Table 6 Results of different fusion methods on IEMOCAP dataset under full-modality condition. SWG-MMIN(MHSA): MHSA(Multi-Head Self-Attention) fusion method; SWG-MMIN(LAFF): LAFF(Lightweight Attentional Feature Fusion) block

This section further conducts comparative experiments under different missing-modality conditions to more comprehensively verify the effectiveness of different fusion methods. The experimental results are shown in Table 7. It can be observed that the SWG-MMIN (SWF) proposed in this paper is better than other models in the overall average performance. And it also achieves the best performance under most missing-modality test conditions. Under the conditions {v}, {t} and {v, t}, SWG-MMIN (SWF) is slightly weaker than SWG-MMIN (LAFF). The reason may be that the LAFF fusion module is designed for text-to-video retrieval tasks, performing better in text and video feature fusion but relatively worse in audio feature fusion. Therefore, the applicability of LAFF in this task is relatively low. The SWG-MMIN model proposed in this paper has achieved the best overall results. And the fusion module requires the adaptive fusion of six features, which is unsuitable for complex fusion networks. The SWF module is concise and performs well for this task, achieving an effective balance of accuracy and resources.

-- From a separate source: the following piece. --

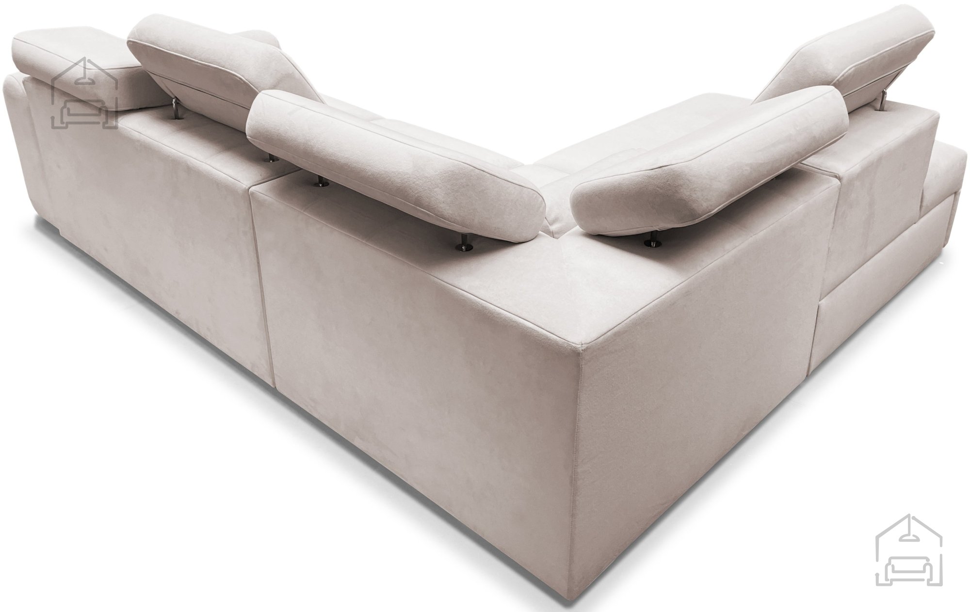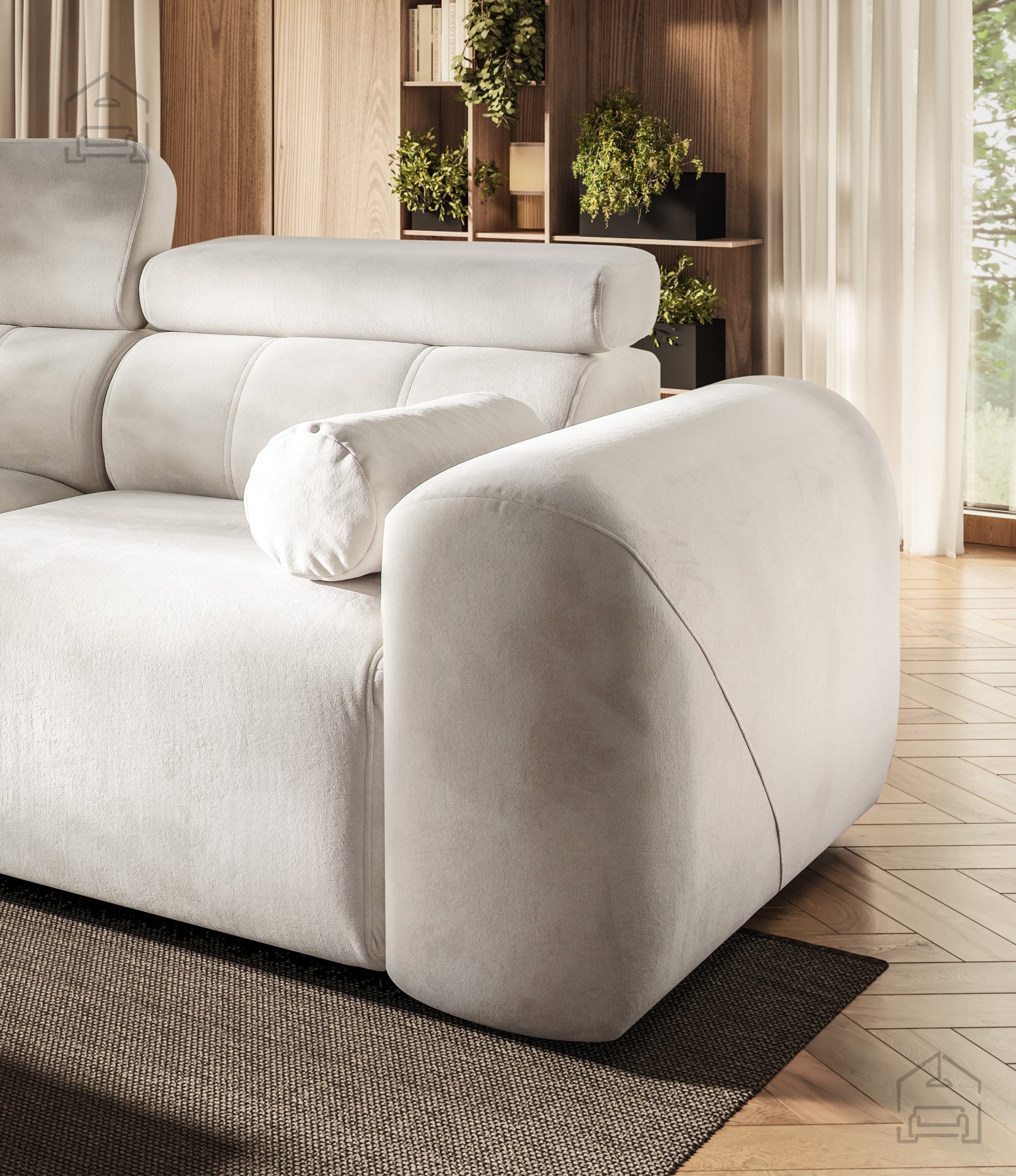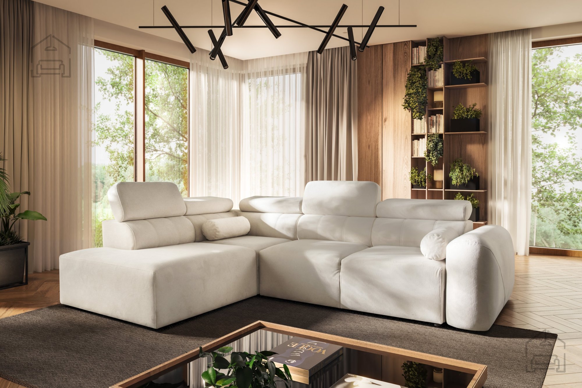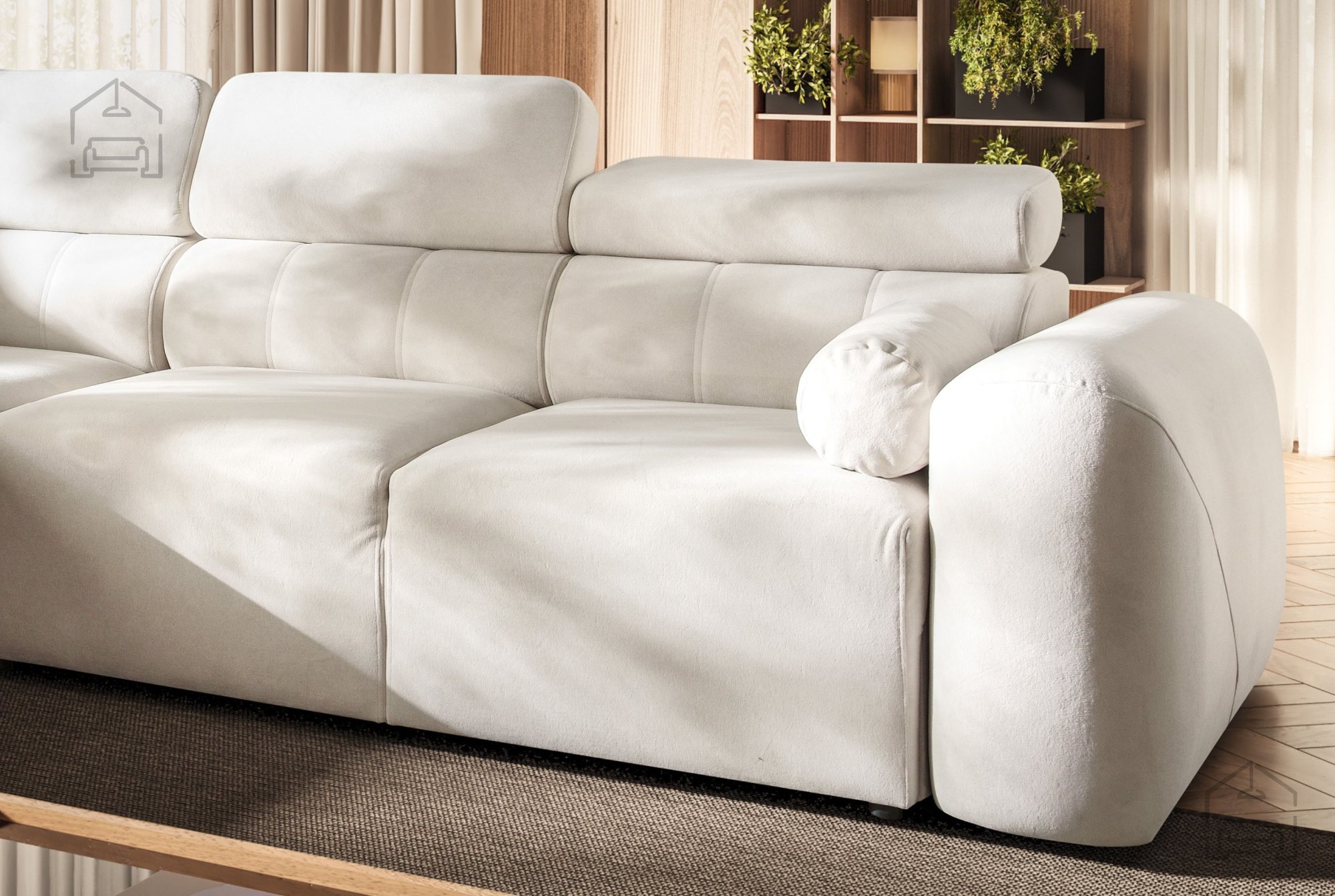 Die Ecksofa-Garnitur Volare VII ist die ideale Lösung für moderne Wohnungen, in denen das Gleichgewicht zwischen Ästhetik und Funktionalität wichtig ist. Ihr Erscheinungsbild wird durch verstellbare Kopfstützen ergänzt, die zusätzlichen Komfort beim Fernsehen oder Lesen bieten. Dank der durchdachten Konstruktion und hochwertigen Materialien ist dies ein Möbelstück, das viele Jahre lang dienen wird.

Table 7 Results of different fusion methods on IEMOCAP dataset under missing-modality conditions

4.5 Visualization analysis

The t-SNE algorithm is used to randomly select sentences from the test sets of IEMOCAP and MSP-IMPROV. The aim is to visualize the ground-truth multimodal embeddings and SWG-MMIN-imagined multimodal embeddings in a two-dimensional plane under different missing modality conditions. As shown in Fig. 7, where A represents the ground-truth multimodal embeddings of the audio modality, and A-Imagined represents SWG-MMIN imagined multimodal embeddings of the audio modality based on the visual and text modalities. It can be seen that the ground-truth multimodal embeddings of the three modalities are very similar to the SWG-MMIN imagined multimodal embeddings. And it demonstrates the effectiveness of the SWG-MMIN model on imagining the missing modalities based on the available modalities.

Fig. 7
figure 7

Visualization analysis of the ground-truth and SWG-MMIN imagined multimodal embeddings

5 Conclusion

This study proposes a Semantic-Wise Guidance for the Missing Modality Imagination Network (SWG-MMIN). The SWG-MMIN model alleviates the modality gap by introducing the Comprehensive Modality Feature Enrichment module, Semantic-Wise Fusion module, and Semantic-Wise Feature Guided Imagination module. These modules fully utilize the semantic information of modality-invariant features and specific features to alleviate the heterogeneous modality gap and improve the robustness of joint multimodal representations. Experiments on the benchmark datasets IEMOCAP and MSP-IMPROV demonstrate the effectiveness and robustness of the SWG-MMIN model. It outperforms other baseline models in scenarios under full modalities and missing modalities. In future work, we will further explore methods to improve robust joint multimodal representation based on the fusion of modality-specific features and invariant feature.